What was the chain of events that helped facilitate the process of developing countries becoming beholden to institutions like the IMF and the
World Bank which dictated neoliberal policies—starting with the OPEC oil crisis of the early 1970s and the petrodollars that were produced by those countries in the Middle East that had oil?
DH: There’s a very interesting story to be told about that and I’m not sure it has been fully elaborated upon yet. With the OPEC oil price hike in 1973, a vast amount of money was being accumulated by the Saudis and other Gulf states. And then the big question was: well, what’s going to happen to that money? Now, we do know that the U.S. government was very anxious that that money be brought back to New York, to be circulated back into the global economy via the New York investment banks, and persuaded the Saudis to do that. Why the Saudis were persuaded to do it remains a bit of a mystery. We know from British intelligence sources that the U.S. was actually prepared to invade Saudi Arabia in 1973, but whether the Saudis were told: recycle the money through New York or you get invaded … who knows?
Now, the New York investment banks then had vast amounts of money. Where were they going to invest it? The economy wasn’t doing very well at all in 1974–75, as, all over, it was in depression. Citibank head Walter Wriston came up with the comment that the safest place to invest the money is in countries, because countries can’t disappear—you always know where they are.
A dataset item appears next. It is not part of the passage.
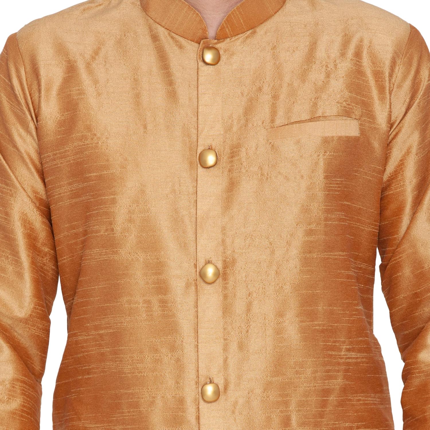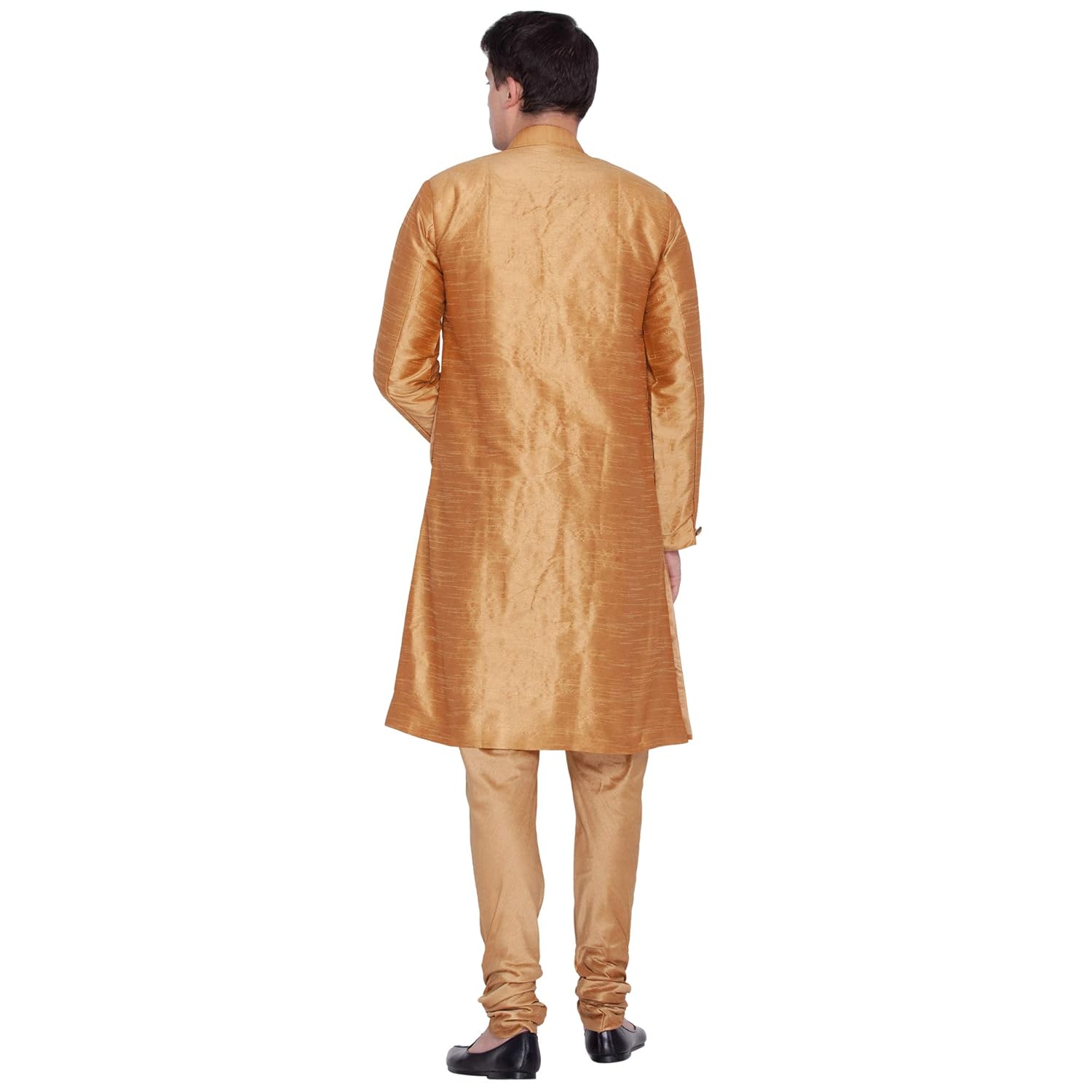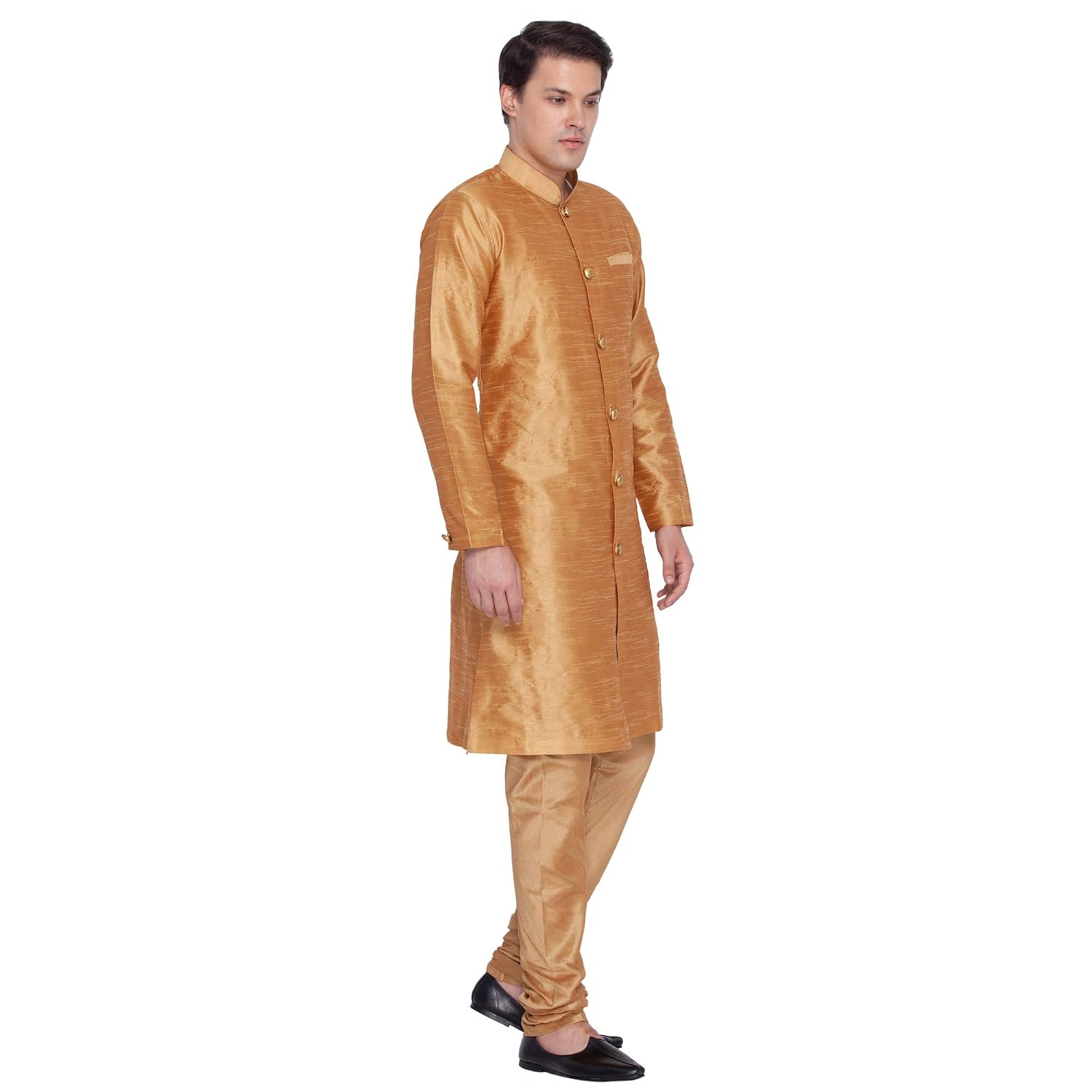 Vastramay brings to you this Stylish yet Comfortable Men Rose Gold Men Cotton Silk Kurta Sherwani With Churidar Pyjama Set. Adorn it for a perfect Classy & Trendy look. Pair it with a juti or a mojari for the Royal feel. |
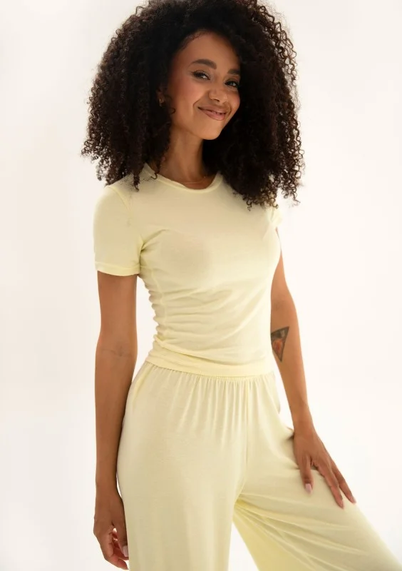 Wiskozowa koszulka o dopasowanym kroju, wykonana w jasnożółtym kolorze. Zbudujesz na tej bazie różnorodne, letnie stylizacje.

And so they started to make the money available to many countries like Argentina, Mexico—Latin America was very popular—but also places like Poland even. They lent a lot of money to those countries.
That worked out quite well for a while, but then in 1982 there was this general fiscal crisis, particularly after Volcker had raised the interest rate. What this meant was that the Mexicans who had borrowed money at 5 percent were now having to pay it back at 16 percent or 17 percent, and they found they couldn’t do it. Mexico was about to go bankrupt in 1982. That was the point at which neoliberalism kicked in. The U.S. via the International Monetary Fund and the U.S. Treasury said: we’ll bail you out, but we’ll bail you out on condition that you start to privatize and open up the country to foreign investment and start to adopt a neoliberal stance. Initially the Mexicans really didn’t do that very much, but by the time you get to 1988 they start to do it sort of big time.
But here’s the interesting thing: it’s unreasonable to think that actually the U.S. imposed neoliberalization on Mexico. What happened was that the U.S. was putting neoliberalizing pressures on Mexico and an elite inside of Mexico seized the opportunity to say: yes, that’s what we want. So it was a coalition between the elite in Mexico and the U.S. Treasury/IMF that put together the kind of neoliberalization package that came to Mexico in the late 1980s. And actually, if you look at the pattern, it’s very rare for there to be a straight imposition of neoliberalizing policies through the IMF or the U.S. It’s nearly alwaysan alliance between an internal elite, as it had been in Chile, and U.S. forces that put this thing together. And it’s the internal elite who are as much to blame for neoliberalization as the international institutions.